Experience in working with clinical information systems and data. Clinical data project work would be desirable.
Knowledge and Skills
Understanding of New Zealand health systems and data standards (HISO, SNOMED CT, HL7 FHIR).
Strong analytical and problem‑solving skills
Excellent communication, facilitation, negotiation and change‑management skills.
Ability to build trusted relationships with clinicians, managers, consumers and iwi Māori.
Attributes and Values
Patient‑centred and equity‑focused.
Collaborative, inclusive leadership style.
High integrity, resilience and adaptability.
Commitment to continuous quality improvement and cultural humility.
Appendix 1
Te Waipounamu Hospice Collaborative - Proposed Project list (priorities in bold)
1. If funding is allocated regionally, hospices will prepare and advocate for the needs of Te Waipounamu. In the short term, this could begin with addressing inconsistencies in access to specialist palliative care services.

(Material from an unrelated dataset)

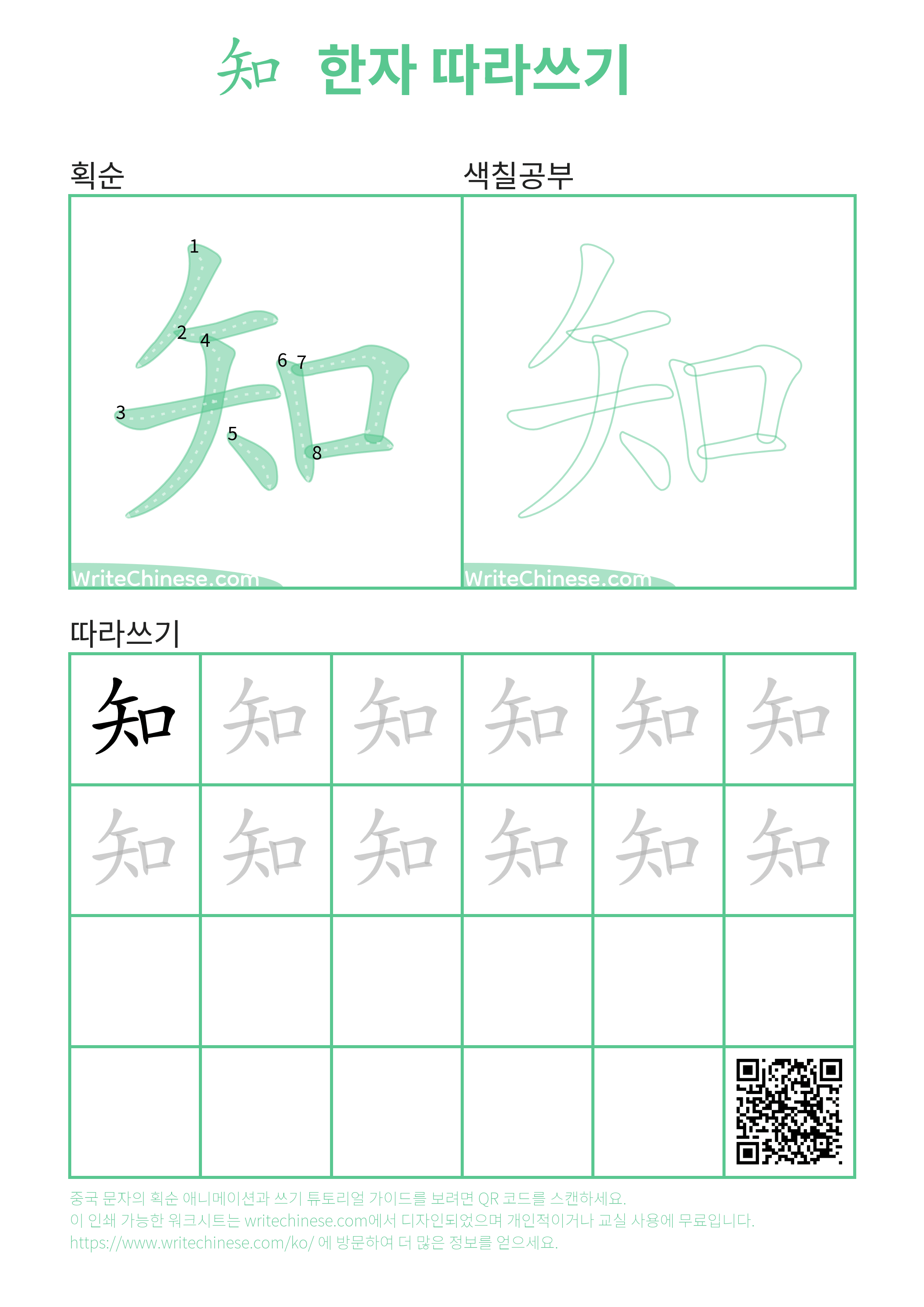 글씨 대가를 따라가며 '知' 문자를 단계별로 쓰는 방법을 익혀 보세요. 캘리그라피 선생님과 함께하는 비디오 튜토리얼을 통해 중국 문자 '知'의 올바른 쓰기 방법을 배울 수 있습니다. 아래 링크에서 인쇄용 필기 연습지를 다운로드하여 종이와 펜과 함께 연습해 보세요.

2. Explore new joint activities in education design and delivery, public awareness, marketing, online tools and fundraising ventures.
3. Pull together shared initiatives (clinical, knowledge, and innovation related) in a single location for the six hospices to access. Start with undertaking a Te Waipounamu-wide analysis of the data commons, cost id and HSVC work
4. Identify opportunities for shared back-office functions and initiate shared resources starting with areas of highest value. Consider rostering/payroll system.
5. Stocktake discovery for shared procurement, and initiate purchases with increased buying power from scale, e.g. Spark contracts.
6. A repository of policies (best of breed) centralised in a joint Quality Management System with a view to standardising into the future.
7. Six hospices adopt the national standardised model of care (if/when it is adopted) by working together locally and regionally.
8. The nature of leadership roles and geographical boundaries to be discussed if funding is allocated regionally.
9. Other collaborations, such as in reach services and aged residential care support services, to share strategies across and beyond the health sector. Establish a Te Waipounamu Māori Advisory Group.